Let's see how all the neanderthal-grade Trump supporters justify this.
"No one knows when the next alert or request to save a chunk of US government-held climate data will come in. Such data, long available online, keeps getting taken down by US President Donald Trump's administration. For the last six months or so, Cathy Richards has been entrenched in the response. She works for one of several organisations bent on downloading and archiving public data before it disappears.
"You get a message at 11 o'clock at night saying, 'This is going down tomorrow'," she says. "You try to enjoy your day and then everything goes wrong. You just spend the night downloading data."

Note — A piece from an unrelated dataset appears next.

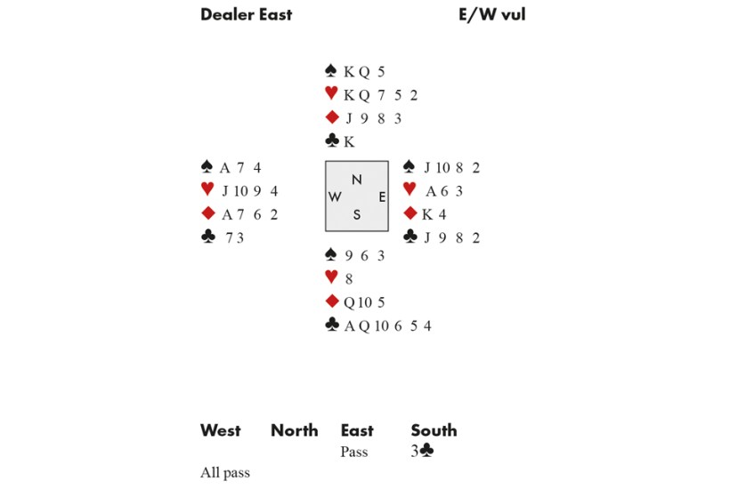 West started with the ♥️J to the King and Ace, and East found the switch of the King of Diamonds and a second diamond. I tried the old trick of dropping my ♦️Q and 10 on the two rounds of Diamonds, not at all guessing what would happen. West cashed the ♠️A before leading a third Diamond. East wasn’t sure I had any more of those, and since she was looking at a ‘certain’ trump trick, she elected not to ruff but discarded a Spade.

"Some of the messages are "heart-breaking", says Richards. Scientists sometimes get in touch, desperate to know that data they have spent their professional lives collecting will be rescued. "You hear the urgency," she says. "You understand that this is someone's X amount of years of research and this is their baby. That's probably why we snap into action."
Shortly after President Trump's inauguration on 25 January 2025, his administration announced sweeping changes to federal departments and agencies, in a bid to reduce what it called "waste" and "inefficiencies". But many of the programmes and resources currently disappearing are critically important, scientists say. Climate researchers who spoke to the BBC pointed out that some deleted datasets have supported important research on climate change and life-threatening weather extremes, for example."
Swathes of scientific data deletions are sweeping across US government websites – with decades of research at risk. Now, scientists are racing to save their work before it's lost.